* **Instructions for the task**
All that is wanted is the exact text of the lines below from the one with "Естествени материали - бурканчетата" through the one with "알버트 앞에 토끼 인형(중립", inclusive, minus any pictures.

* **Task data**
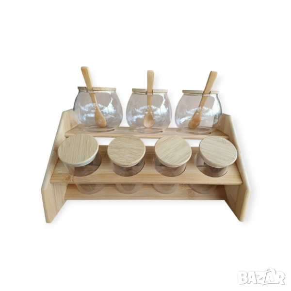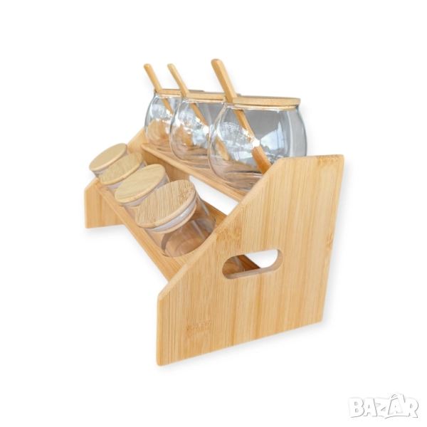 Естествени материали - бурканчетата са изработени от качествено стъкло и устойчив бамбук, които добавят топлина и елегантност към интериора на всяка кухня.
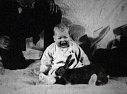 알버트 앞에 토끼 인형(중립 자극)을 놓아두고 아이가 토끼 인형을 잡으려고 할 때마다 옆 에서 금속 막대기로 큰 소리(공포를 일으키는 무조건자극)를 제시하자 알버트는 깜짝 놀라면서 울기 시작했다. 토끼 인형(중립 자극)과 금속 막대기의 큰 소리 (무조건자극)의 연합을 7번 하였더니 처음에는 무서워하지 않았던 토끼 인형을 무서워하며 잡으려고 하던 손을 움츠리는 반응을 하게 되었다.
---
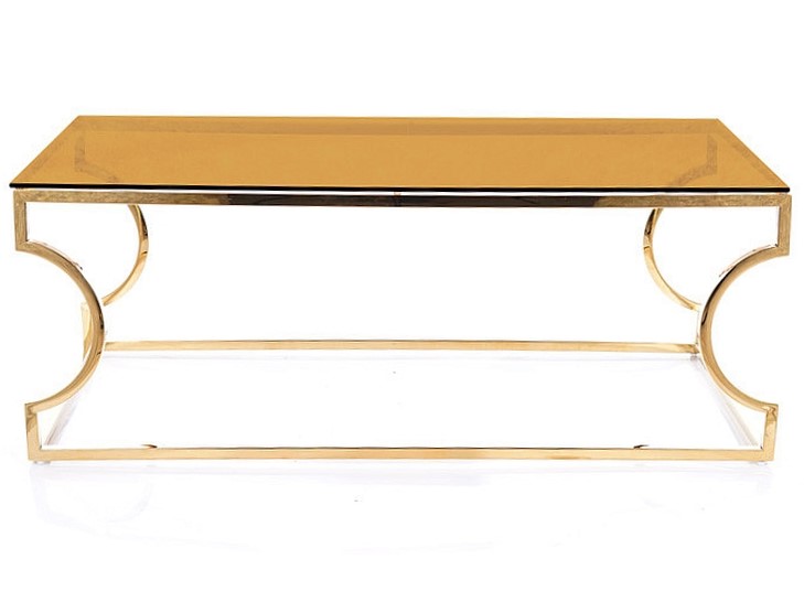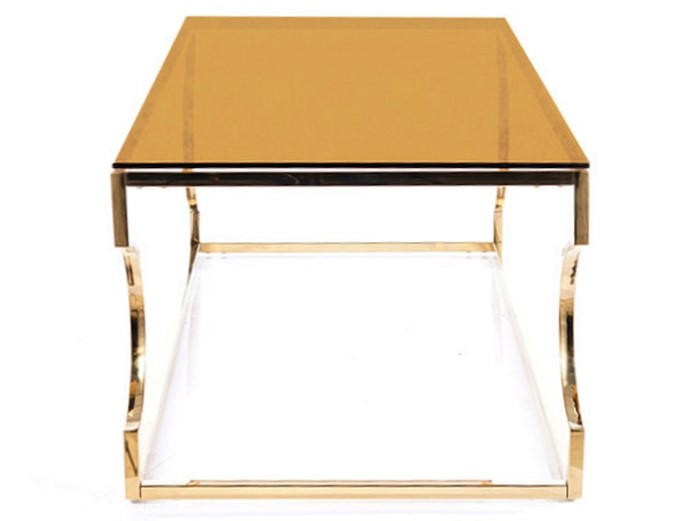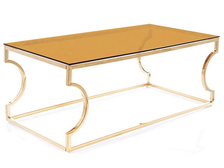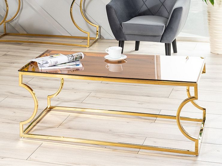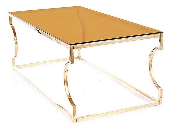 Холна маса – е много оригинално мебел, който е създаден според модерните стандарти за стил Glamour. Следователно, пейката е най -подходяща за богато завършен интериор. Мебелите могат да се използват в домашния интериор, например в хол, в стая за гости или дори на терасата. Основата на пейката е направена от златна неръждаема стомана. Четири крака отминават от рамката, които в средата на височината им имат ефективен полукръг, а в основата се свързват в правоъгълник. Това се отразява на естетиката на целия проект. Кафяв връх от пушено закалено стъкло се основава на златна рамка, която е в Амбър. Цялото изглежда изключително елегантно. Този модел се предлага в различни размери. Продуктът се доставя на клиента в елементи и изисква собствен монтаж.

* **Response area**
 Естествени материали - бурканчетата са изработени от качествено стъкло и устойчив бамбук, които добавят топлина и елегантност към интериора на всяка кухня.
 알버트 앞에 토끼 인형(중립 자극)을 놓아두고 아이가 토끼 인형을 잡으려고 할 때마다 옆 에서 금속 막대기로 큰 소리(공포를 일으키는 무조건자극)를 제시하자 알버트는 깜짝 놀라면서 울기 시작했다. 토끼 인형(중립 자극)과 금속 막대기의 큰 소리 (무조건자극)의 연합을 7번 하였더니 처음에는 무서워하지 않았던 토끼 인형을 무서워하며 잡으려고 하던 손을 움츠리는 반응을 하게 되었다.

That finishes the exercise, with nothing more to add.